Progressive design-build

The campaign says progressive design-build is useful in complex infrastructure projects where the subsurface conditions are uncertain.

It’s a one-step process that lets the authority quickly select a team based on qualifications, and the team collaborates in the early phases of design.

The RPA said it’s used by states including California, Texas, and Virginia, other New York State authorities, and the private sector.

Billions under management

Currently, the DDC is overseeing $33bn worth of projects, including major climate resiliency works and the upkeep of ageing cultural and civic institutions.

The campaign backed its demands with examples.

The $141m Shirley Chisholm Recreation Center in Brooklyn broke ground in October last year and is expected to be finished by the end of 2025, which the campaign said would be two years faster than was possible under lowest-bidder contracting.

Similarly, the $92m Mary Cali Dalton Recreation Center in Staten Island broke ground in February this year, and is on track for similar time savings.

Meera Joshi, the city’s deputy mayor for operations, said: “We need every tool in our toolbox to maintain New York’s infrastructure within timelines and budgets that make sense for New Yorkers.
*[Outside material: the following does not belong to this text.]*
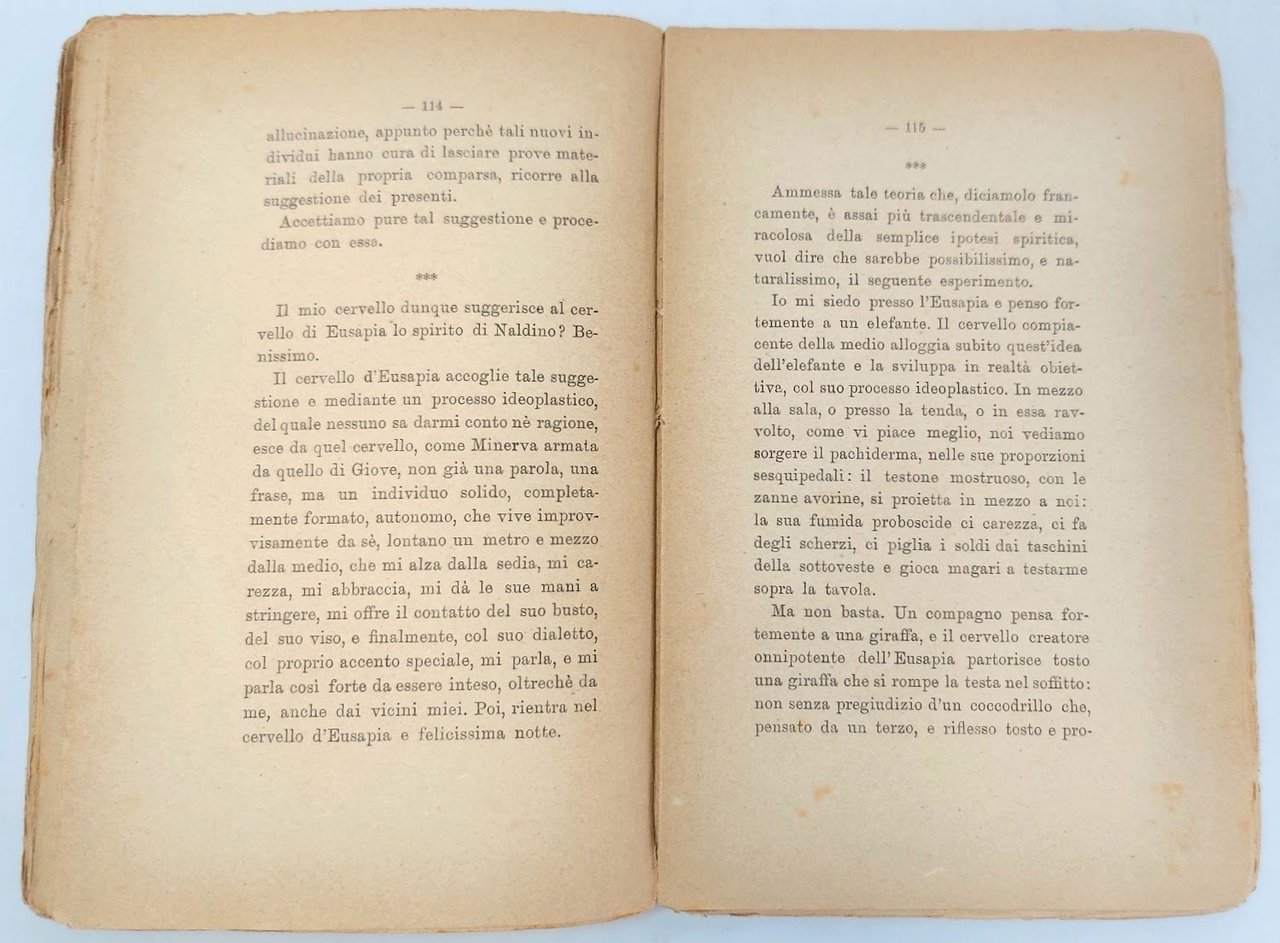 >in-16, pp. VIII, 181, broch. edit. figurata in nero (con piccole mancanze al dorso). Prima edizione. L'autore, giornalista e scrittore, direttore de Il Secolo XIX, fu anche direttore del Circolo Scientifico Minerva di Genova, che negli anni precedenti all'opera fu frequentato dalla medium Eusepia Palladino e da Cesare Lombroso, e che riuniva un gruppo di intellettuali e sperimentatori di spiritismo ed occulto. L'opera è un trattato sulle varie tendenze dell'occulto dei primi del '900. Buon esemplare nella sua brossura originale.
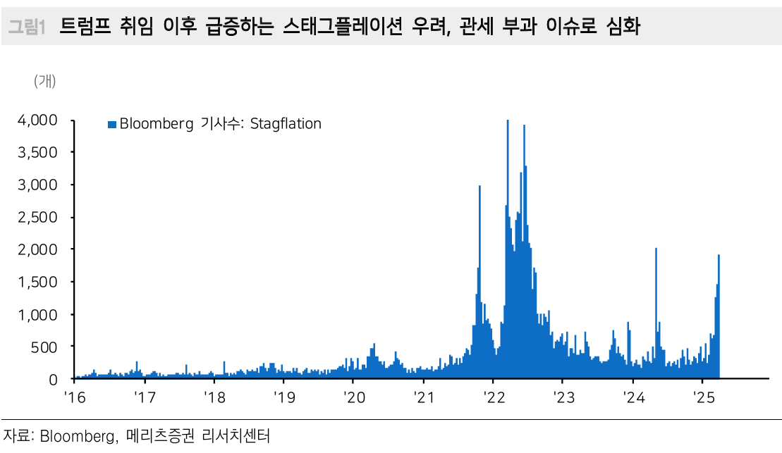 이로 인해 스태그플레이션 뉴스가 급증했지만, 파월 의장은 "스태그플레이션에 동의하지 않는다"고 언급하면서도 "관세 부과에 따른 물가 불확실성이 높다"는 점을 인정했습니다

It is our duty to be good stewards of our city and taxpayer dollars; these tools, like Progressive Design-Build and Construction Manager-Build (CM- Build) are critical to helping us do that.”

The Building and Construction Trades Council of Greater New York also weighed in behind the campaign.

“As more major projects come down the pipeline, we must make it easier to not only complete them efficiently, but also unlock the thousands of family-sustaining union careers and economic stimulus they create,” said its president, Gary LaBarbera.